━━━ Supplied material ━━━

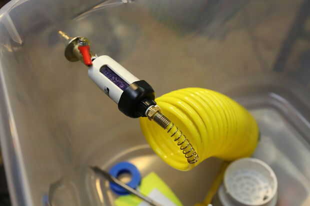 - Conectar la manguera de la bobina al conector o añadir una válvula de cierre como lo hicimos. (Me enteré de esto fue inútil, pero dejó de todos modos)
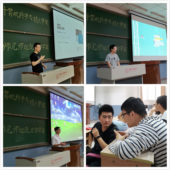 (通讯员 郝晓阳)在研三青年学子即将毕业离校工作之际,为帮助研二青年学子更好地完成“金九银十求职季”的百日冲刺,2019年5月23日上午,在北校区阶梯教室J-208,西电太阳成集团tyc234cc研究生党支部联合举办“弘扬爱国奋斗精神,建功立业新时代” 主题党日活动。本次活动旨在帮助研二青年学子对不同企业类型和不同岗位类型有更加清晰的认识,充分利用师兄师姐们的宝贵求职经验帮助自身在最短的时间内做最有效的准备。与此同时,加强了即将毕业的优秀学子与公司师弟师妹间的情感纽带。通过这一方式,让研二研三青年学子能够更好的投入到祖国IT建设的先锋队中,在新时代建功立业、发挥更大的作用。
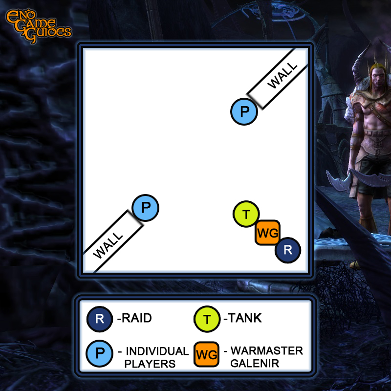 Two raid members with a cleanse, preferably chloros, -icars, or the Bard, need to stand on either side of the raid facing each other. They must be maximum distance from Warmaster Galenir. When Warmaster Galenir does his Charge ability he will charge the farthest raid member and apply Discordant Contagion on them. They can cleanse themselves and be far enough from the raid that it does not spread. Sometimes Warmaster Galenir will hit a raid member or tank with Discordant Contagion. If it gets cleansed quickly it will not spread, if not it will spread throughout the raid and do heavy excess raid damage. It can be healed through if the raid is well-geared.
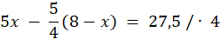 Skoro Marta odpowiedziała dobrze na pytania za 4 punkty, to ma już 40 punktów. W takim razie zostało jej 8 zadań za 5 punktów. Zdobyła z nich 67,5 - 40 = 27,5 punktu. Niech x to będzie liczba pytań, na które dobrze odpowiedziała Marta. W takim razie 8 - x, to pytania, na które Marta odpowiedziała źle. Suma punktów za te pytania to:
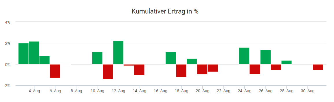 Der August war gar nicht so schlecht, wie er sonst historischerweise sein kann. In Summe hat sich mein Jahresergebnis um 4 Prozentpunkte verbessert. Womit ich natürlich sehr zufrieden bin. Ein Blick auf meine Vergleichswerte zeigt, wie ich am Ende abgeschlossen habe und hier waren die US-Indizes wieder einmal uneinholbar unterwegs. Mein Jahresergebnis verbessert sich weiter sukzessive und mittlerweile konnte ich einen weiteren Vergleichswert einholen. Ein weiterer Benchmark-Wert steht in direkter Reichweite und ich hoffe ihn in den kommenden 4-8 Wochen auch überholen zu können. Die letzten Monate des Jahres bleiben damit spannend bis zuletzt.
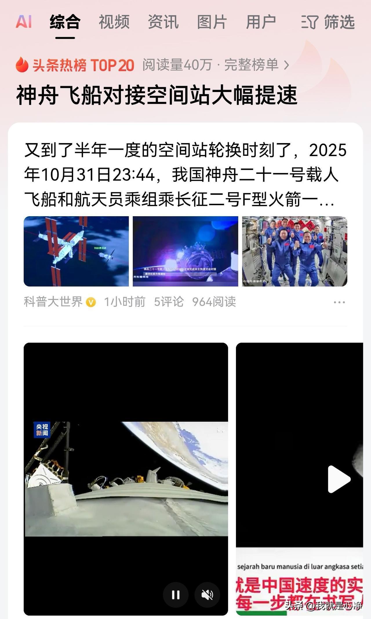 三个半小时啊,只有三个半小时。就相当于咱们坐高铁跨一个省的时间。 神舟飞船和天宫就对接完成了。 技术真的是越来越先进了。 最开始神舟8号和天宫对接的时候,需要不断的修正轨道,不断的调整。 用时43.5个小时才成功对接。 后来咱们不断的提高技术研究方案。 慢慢的就把对接的时间缩减到了6.5个小时。 就已经非常不容易了。 没想到这次咱们又创造了一个奇迹,三个半小时直接对接。 效率就是生命啊。 速度决定一切。 厉害了我的国! 技术越来越发达,未来咱们可能开发出更加适合普通民众的航天服。 包括飞船也会做一些舒适性的改进。 然后再一次的缩短时间。 总会有那么一天的,咱们可以让普通的老百姓不经过特殊的训练就可以乘坐飞船遨游太空。 我用发展的眼光看待问题。 相信一切皆有可能。
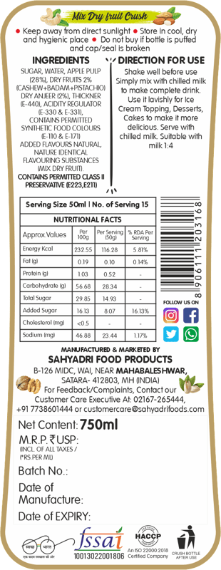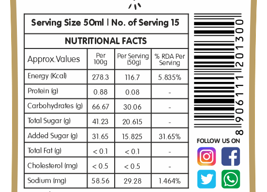 | Instructions | Shake well before use. Simple Mix with Chilled Water or Milk to make a complete Drink. Use it Lavishly for Ice Creams, Desserts , Cakes to make it more Delicious. Great for Making Cocktail , Mocktail , Slush. Serve with Chilled Water / Milk. Suitable with Water (1:4) / Milk (1:5) |
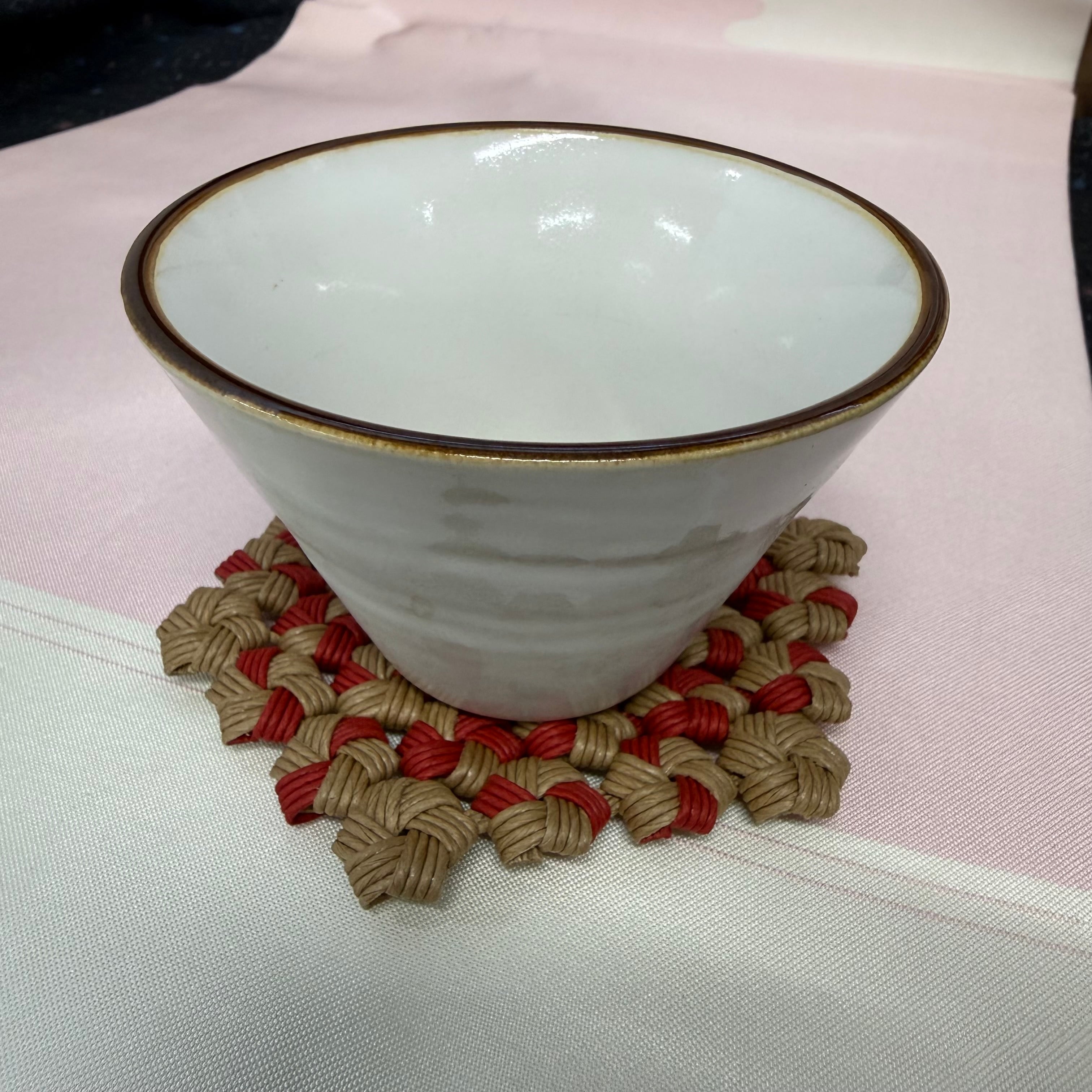 クラフトバンドを一つひとつ丁寧に編み込んだ、素朴で優しい表情のコースターです。
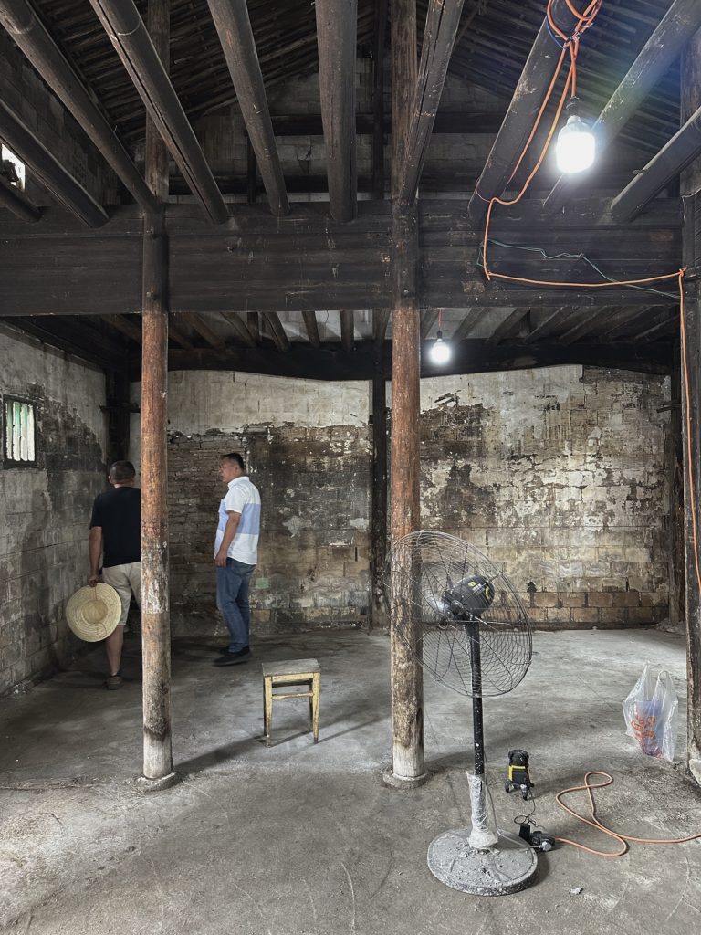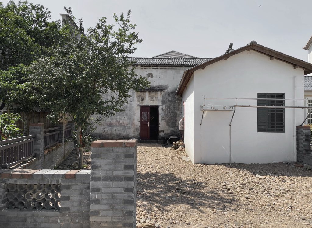 At the village entrance stands a compound comprising a late Qing dynasty house, a small courtyard with an existing tree, and a kitchen annex added in the 1990s. This site marks the starting point of the Hushiguang Art Eco Site, a rural art initiative extending along the Qu River with temporary installations distributed across fields and village paths.
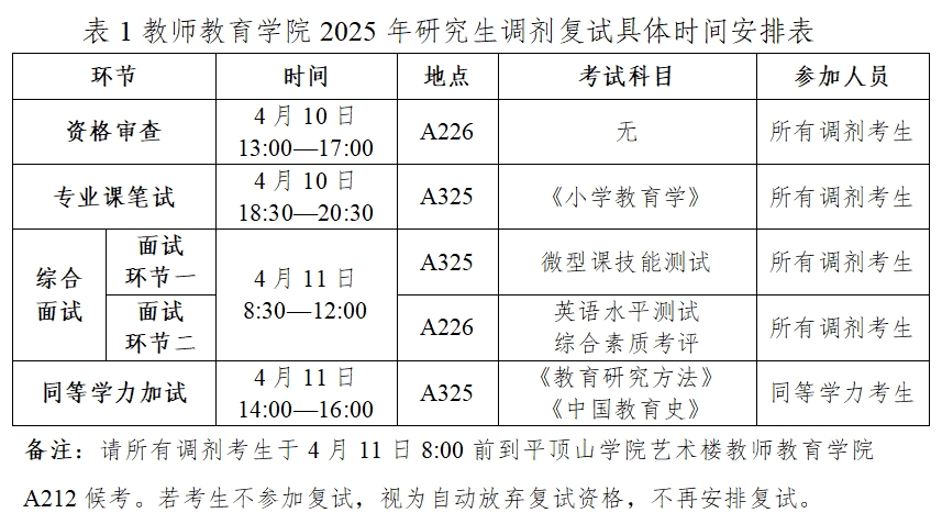 2.调剂考生在接受复试通知后,应在规定的时间参加复试,否则视为自愿放弃复试资格。
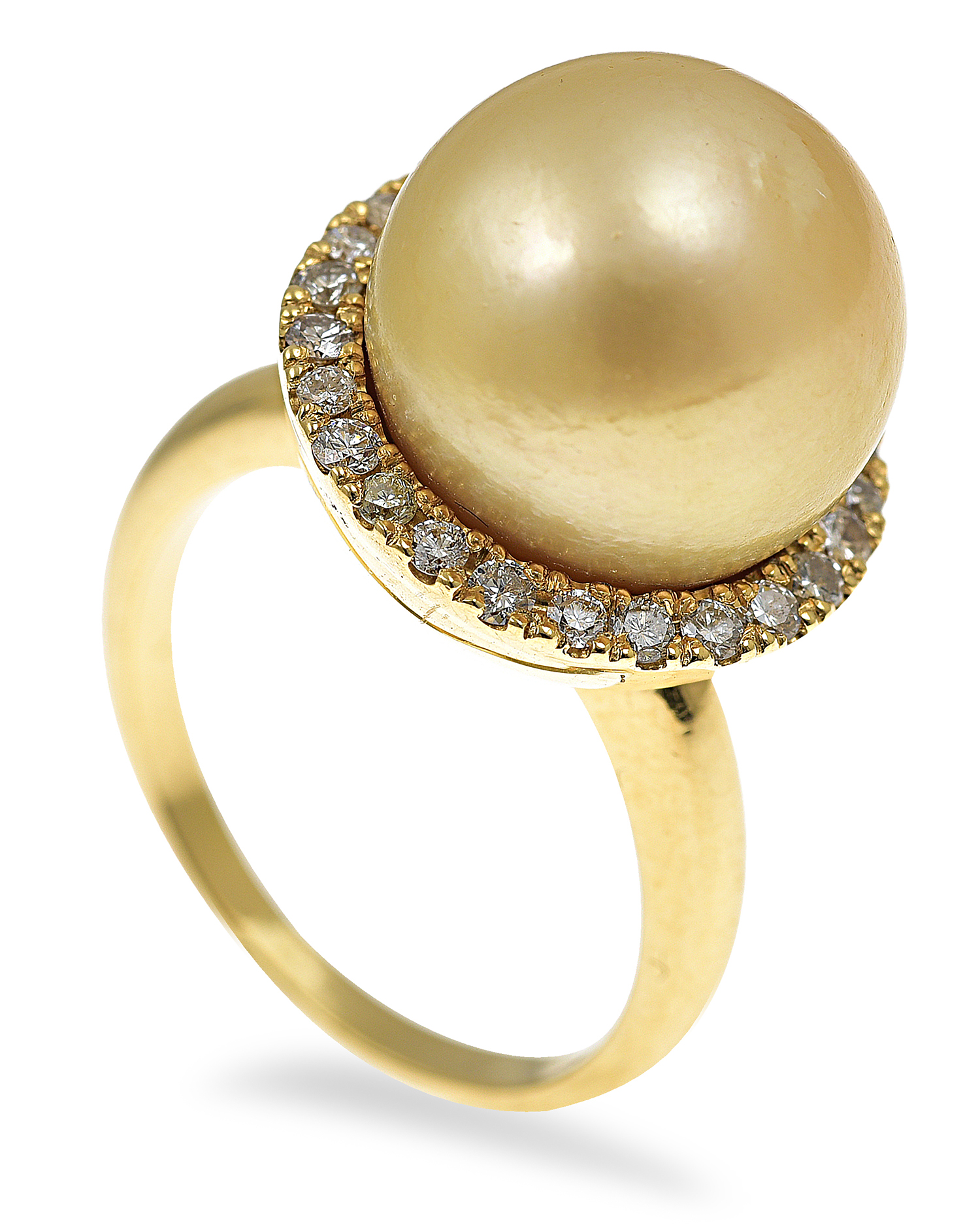 Centrally set with a near round pearl measuring 13.0mm, surrounded by round brilliant cut diamonds, mounted in 18ct gold, ring size N.
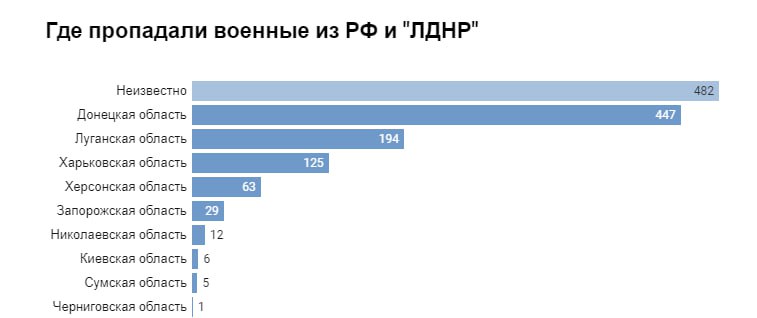 В январе родственники оккупантов опубликовали 850 постов о потере связи с близкими в группах «ВКонтакте» — в 6 раз больше, чем в первый месяц войны. Каждый седьмой пост связан с поиском пропавших ещё весной или летом. Самые серьезные потери несет население оккупированных территорий, где мобилизация началась еще до вторжения. 90 солдат из 350, чьи родственники указали статус военнослужащих, — жители «ЛДНР». Это столько же, сколько пропало контрактников и добровольцев из России — и в два раза больше, чем российских мобилизованных.
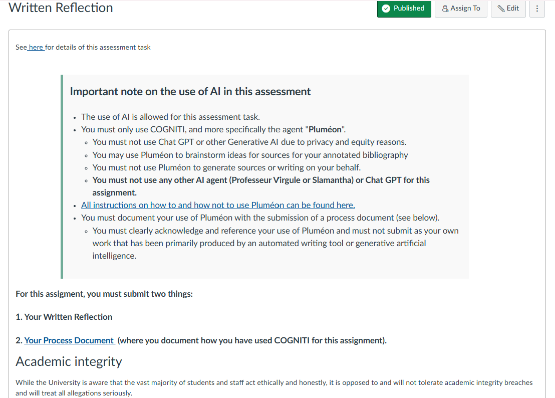 The use of these agents was mandated for all submitted assessment tasks. In order to maximise AI integration in this unit, explanations and instructions were explicit and detailed:

━━━

- [Task statement] Each entry above should be copied word for word, with the images omitted.

- [The completed task]
 - Conectar la manguera de la bobina al conector o añadir una válvula de cierre como lo hicimos. (Me enteré de esto fue inútil, pero dejó de todos modos)
 (通讯员 郝晓阳)在研三青年学子即将毕业离校工作之际,为帮助研二青年学子更好地完成“金九银十求职季”的百日冲刺,2019年5月23日上午,在北校区阶梯教室J-208,西电太阳成集团tyc234cc研究生党支部联合举办“弘扬爱国奋斗精神,建功立业新时代” 主题党日活动。本次活动旨在帮助研二青年学子对不同企业类型和不同岗位类型有更加清晰的认识,充分利用师兄师姐们的宝贵求职经验帮助自身在最短的时间内做最有效的准备。与此同时,加强了即将毕业的优秀学子与公司师弟师妹间的情感纽带。通过这一方式,让研二研三青年学子能够更好的投入到祖国IT建设的先锋队中,在新时代建功立业、发挥更大的作用。
 Two raid members with a cleanse, preferably chloros, -icars, or the Bard, need to stand on either side of the raid facing each other. They must be maximum distance from Warmaster Galenir. When Warmaster Galenir does his Charge ability he will charge the farthest raid member and apply Discordant Contagion on them. They can cleanse themselves and be far enough from the raid that it does not spread. Sometimes Warmaster Galenir will hit a raid member or tank with Discordant Contagion. If it gets cleansed quickly it will not spread, if not it will spread throughout the raid and do heavy excess raid damage. It can be healed through if the raid is well-geared.
 Skoro Marta odpowiedziała dobrze na pytania za 4 punkty, to ma już 40 punktów. W takim razie zostało jej 8 zadań za 5 punktów. Zdobyła z nich 67,5 - 40 = 27,5 punktu. Niech x to będzie liczba pytań, na które dobrze odpowiedziała Marta. W takim razie 8 - x, to pytania, na które Marta odpowiedziała źle. Suma punktów za te pytania to:
 Der August war gar nicht so schlecht, wie er sonst historischerweise sein kann. In Summe hat sich mein Jahresergebnis um 4 Prozentpunkte verbessert. Womit ich natürlich sehr zufrieden bin. Ein Blick auf meine Vergleichswerte zeigt, wie ich am Ende abgeschlossen habe und hier waren die US-Indizes wieder einmal uneinholbar unterwegs. Mein Jahresergebnis verbessert sich weiter sukzessive und mittlerweile konnte ich einen weiteren Vergleichswert einholen. Ein weiterer Benchmark-Wert steht in direkter Reichweite und ich hoffe ihn in den kommenden 4-8 Wochen auch überholen zu können. Die letzten Monate des Jahres bleiben damit spannend bis zuletzt.
 三个半小时啊,只有三个半小时。就相当于咱们坐高铁跨一个省的时间。 神舟飞船和天宫就对接完成了。 技术真的是越来越先进了。 最开始神舟8号和天宫对接的时候,需要不断的修正轨道,不断的调整。 用时43.5个小时才成功对接。 后来咱们不断的提高技术研究方案。 慢慢的就把对接的时间缩减到了6.5个小时。 就已经非常不容易了。 没想到这次咱们又创造了一个奇迹,三个半小时直接对接。 效率就是生命啊。 速度决定一切。 厉害了我的国! 技术越来越发达,未来咱们可能开发出更加适合普通民众的航天服。 包括飞船也会做一些舒适性的改进。 然后再一次的缩短时间。 总会有那么一天的,咱们可以让普通的老百姓不经过特殊的训练就可以乘坐飞船遨游太空。 我用发展的眼光看待问题。 相信一切皆有可能。
 | Instructions | Shake well before use. Simple Mix with Chilled Water or Milk to make a complete Drink. Use it Lavishly for Ice Creams, Desserts , Cakes to make it more Delicious. Great for Making Cocktail , Mocktail , Slush. Serve with Chilled Water / Milk. Suitable with Water (1:4) / Milk (1:5) |
 クラフトバンドを一つひとつ丁寧に編み込んだ、素朴で優しい表情のコースターです。
 At the village entrance stands a compound comprising a late Qing dynasty house, a small courtyard with an existing tree, and a kitchen annex added in the 1990s. This site marks the starting point of the Hushiguang Art Eco Site, a rural art initiative extending along the Qu River with temporary installations distributed across fields and village paths.
 2.调剂考生在接受复试通知后,应在规定的时间参加复试,否则视为自愿放弃复试资格。
 Centrally set with a near round pearl measuring 13.0mm, surrounded by round brilliant cut diamonds, mounted in 18ct gold, ring size N.
 В январе родственники оккупантов опубликовали 850 постов о потере связи с близкими в группах «ВКонтакте» — в 6 раз больше, чем в первый месяц войны. Каждый седьмой пост связан с поиском пропавших ещё весной или летом. Самые серьезные потери несет население оккупированных территорий, где мобилизация началась еще до вторжения. 90 солдат из 350, чьи родственники указали статус военнослужащих, — жители «ЛДНР». Это столько же, сколько пропало контрактников и добровольцев из России — и в два раза больше, чем российских мобилизованных.
 The use of these agents was mandated for all submitted assessment tasks. In order to maximise AI integration in this unit, explanations and instructions were explicit and detailed:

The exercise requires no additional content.